Shekhar Karthik, Menon Vilas
Klarman Cell Observatory, Broad Institute of MIT and Harvard, Cambridge, MA, USA.
Janelia Research Campus, Howard Hughes Medical Institute, Ashburn, VA, USA.
Methods Mol Biol. 2019;1935:45-77. doi: 10.1007/978-1-4939-9057-3_4.
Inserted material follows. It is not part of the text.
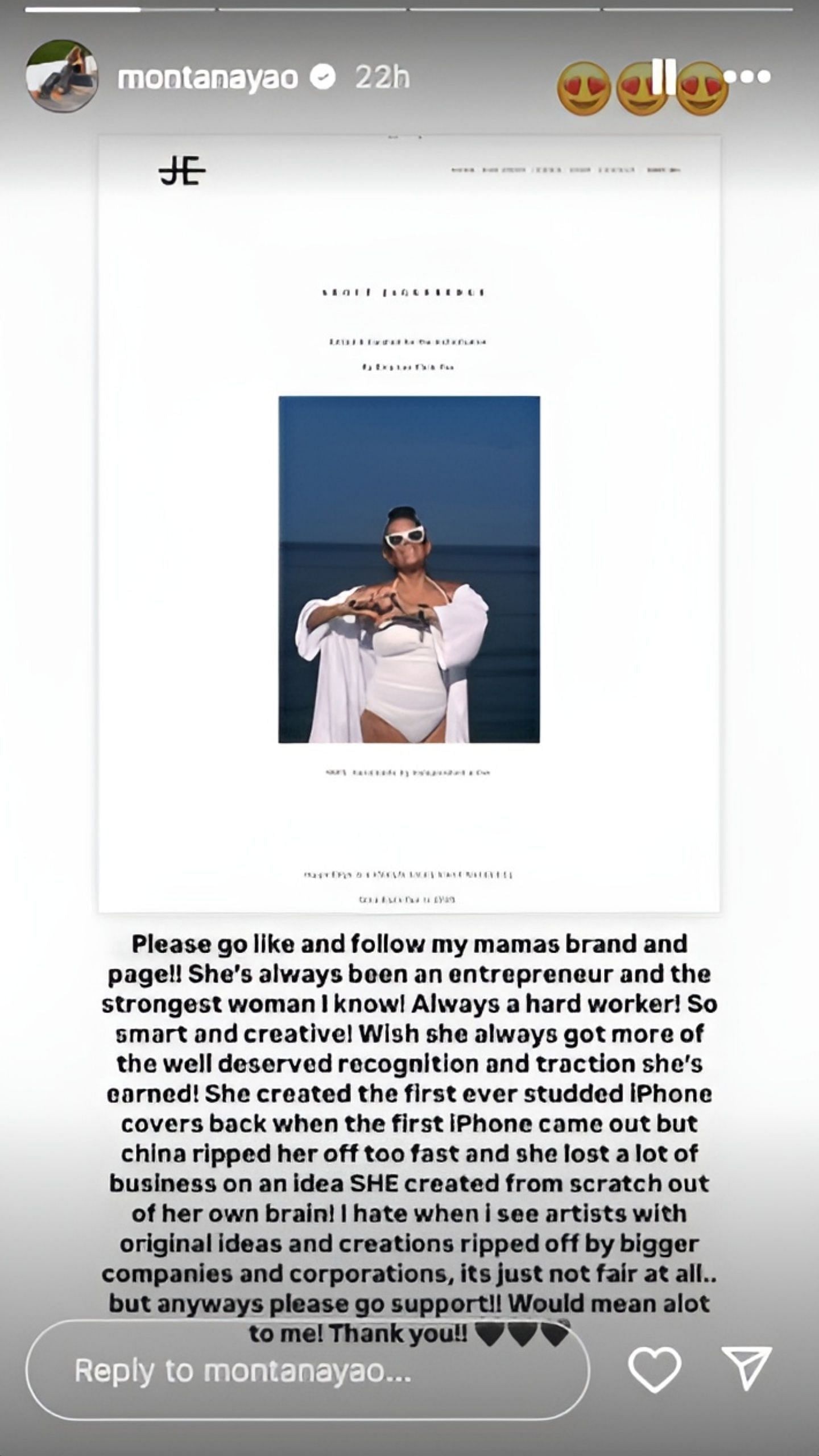 In the caption, Yao hailed her mother's strength and her knack for effective business ideas. She also added that it was her mother who was the first creator of "the studded iPhone covers." However, according to Yao, China stole her mother's idea:

Unprecedented technological advances in single-cell RNA-sequencing (scRNA-seq) technology have now made it possible to profile genome-wide expression in single cells at low cost and high throughput. There is substantial ongoing effort to use scRNA-seq measurements to identify the "cell types" that form components of a complex tissue, akin to taxonomizing species in ecology. Cell type classification from scRNA-seq data involves the application of computational tools rooted in dimensionality reduction and clustering, and statistical analysis to identify molecular signatures that are unique to each type. As datasets continue to grow in size and complexity, computational challenges abound, requiring analytical methods to be scalable, flexible, and robust. Moreover, careful consideration needs to be paid to experimental biases and statistical challenges that are unique to these measurements to avoid artifacts. This chapter introduces these topics in the context of cell-type identification, and outlines an instructive step-by-step example bioinformatic pipeline for researchers entering this field.
单细胞RNA测序(scRNA-seq)技术取得了前所未有的技术进步,现在已经能够以低成本、高通量的方式对单细胞中的全基因组表达进行分析。目前正在进行大量工作,利用scRNA-seq测量来识别构成复杂组织成分的“细胞类型”,这类似于生态学中对物种进行分类。从scRNA-seq数据进行细胞类型分类涉及应用基于降维和聚类的计算工具,以及进行统计分析以识别每种类型独特的分子特征。随着数据集的规模和复杂性不断增加,计算挑战层出不穷,这就要求分析方法具有可扩展性、灵活性和稳健性。此外,需要仔细考虑这些测量所特有的实验偏差和统计挑战,以避免出现伪影。本章将在细胞类型识别的背景下介绍这些主题,并为进入该领域的研究人员概述一个具有指导意义的逐步示例生物信息学流程。